Evidence supports an observational association between the gut microbiome and susceptibility to extraintestinal cancers, but the causal relationship of this association remains unclear.
To identify the specific causal gut microbiota of oral and oropharyngeal cancer, we performed two-sample Mendelian randomization (MR) analysis of gut microbiota on oral and oropharyngeal cancer using a fixed-effects inverse-variance-weighted model. Gut microbiota across five different taxonomical levels from the MiBioGen genome-wide association study (GWAS) were used as exposures. Oral cancer, oropharyngeal cancer and a combination of the two cancers defined from three separate data sources were used as the outcomes. Odds ratios (ORs) and 95% confidence intervals (CIs) for disease per standard deviation (SD) higher abundance of microbiome.

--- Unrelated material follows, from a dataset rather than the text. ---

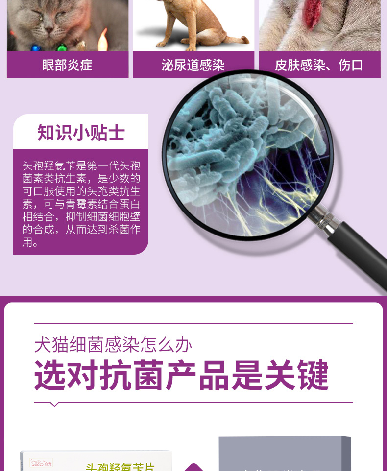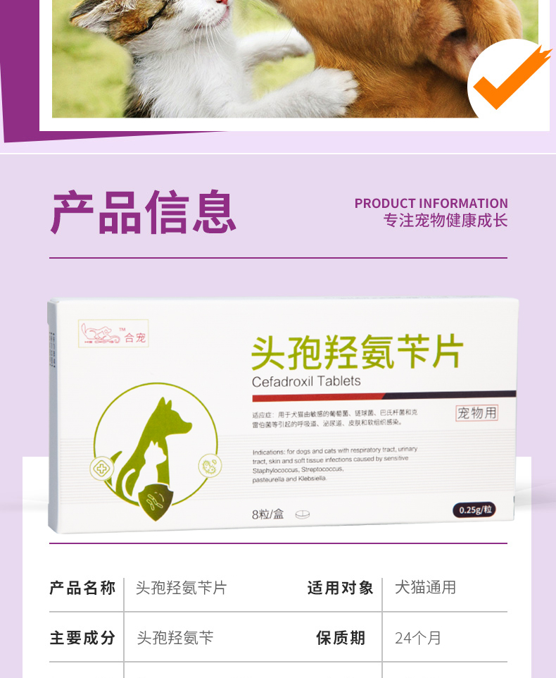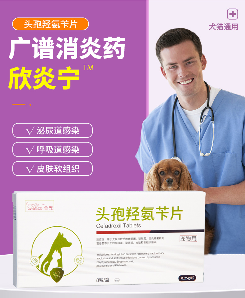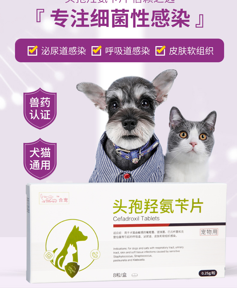 合宠头孢羟氨苄猫狗感冒鼻支呼吸道泌尿感染肾肺牙龈牙周炎脓皮症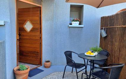 Ground-floor apartment ideal for 2-4 guests. Includes a cozy bedroom with a queen-size bed, wardrobe, and sofa, plus a living/dining room featuring a pull-out sofa, dining table, air conditioning, and satellite TV. The kitchen is has a stove, fridge/freezer, kettle, and coffee machine. The bathroom includes a shower, bidet, toilet, with towels provided. Enjoy a 15 m2 open terrace, shared BBQ, and free parking. Located 370 m from the sea, beach, and restaurants, 220 m from a grocery store.

There was little evidence for a causal effect of gut microbiota on oral and oropharyngeal cancer when using a genome-wide p-value threshold for selecting instruments. Secondary analyses using a more lenient p-value threshold indicated that there were 90 causal relationships between 58 different microbial features but that sensitivity analyses suggested that these were possibly affected by violations of MR assumptions and were not consistent across MR methodologies or data sources and therefore are also to unlikely reflect causation. These findings provide new insights into gut microbiota-mediated oral and oropharyngeal cancers and warrant further investigation.